Danielle Couick, principal and creative director, Magnolia Bluebird Design & Events, Washington

“Back in the 'You’ve Got Mail' days of AOL, Cher was our mystery voice and we used a chip in the invite with her saying that iconic phrase to invite V.I.P. guests to our reveal party.”
Janet Abbazia, chief experience officer, Sweet Tea Events, Atlanta

“To add excitement to an event invitation, I like to add pops of color, typically ones that are being utilized again in the decor so the event experience begins with the very first taste guests receive. To make event invitations more effective, adding phrases like ‘space is limited’ and ‘invite non-transferable’ has worked for my team, as they seem to imply a level of exclusivity, therefore leaving guests with a stronger urge to reserve their spot. Also, when sending invites in an electronic format, including a direct link to R.S.V.P. has definitely increased the amount of responses we receive.”
Mandy Bianchi, founder, Bianchi Productions, Los Angeles

"Gamification has become a popular way to tease your audience into interacting with your brand pre event. Try sending out your invite as a digital puzzle, with subsequent emails including clues and questions that unlock new pieces.
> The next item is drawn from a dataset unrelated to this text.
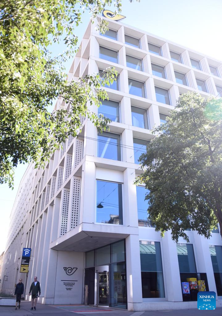 A man walks past the main entrance of Austrian Post's headquarters in Vienna, Austria, Aug. 24, 2025. Multiple postal operators across Europe are suspending most package shipments to the United States, citing uncertainty, confusion and rising costs linked to forthcoming U.S. customs regulations on low-value imports. By Saturday, postal operators in more than a dozen countries, including France, Britain, Italy, Austria, Finland, Sweden, Latvia, Croatia, Slovenia, and Bosnia and Herzegovina, had announced either suspensions or severe restrictions on parcels bound for the United States. (Xinhua/He Canling)

Upon completion of the puzzle—unlock prizes or discount pricing. Alternatively, for those high event incentive programs, send your winners an iPad fully loaded with a destination teaser video, program information, and details on the trip, fellow attendees, and what they can expect to see and experience on the trip. The extra bonus: The iPad itself becomes a fabulous gift for each winner while also providing a savvy way to share the program information."
Cate Banfield, vice president of solution design and strategy, BCD Meetings & Events, Chicago and Toronto

A version of this story appeared in the Winter 2018 issue of BizBash.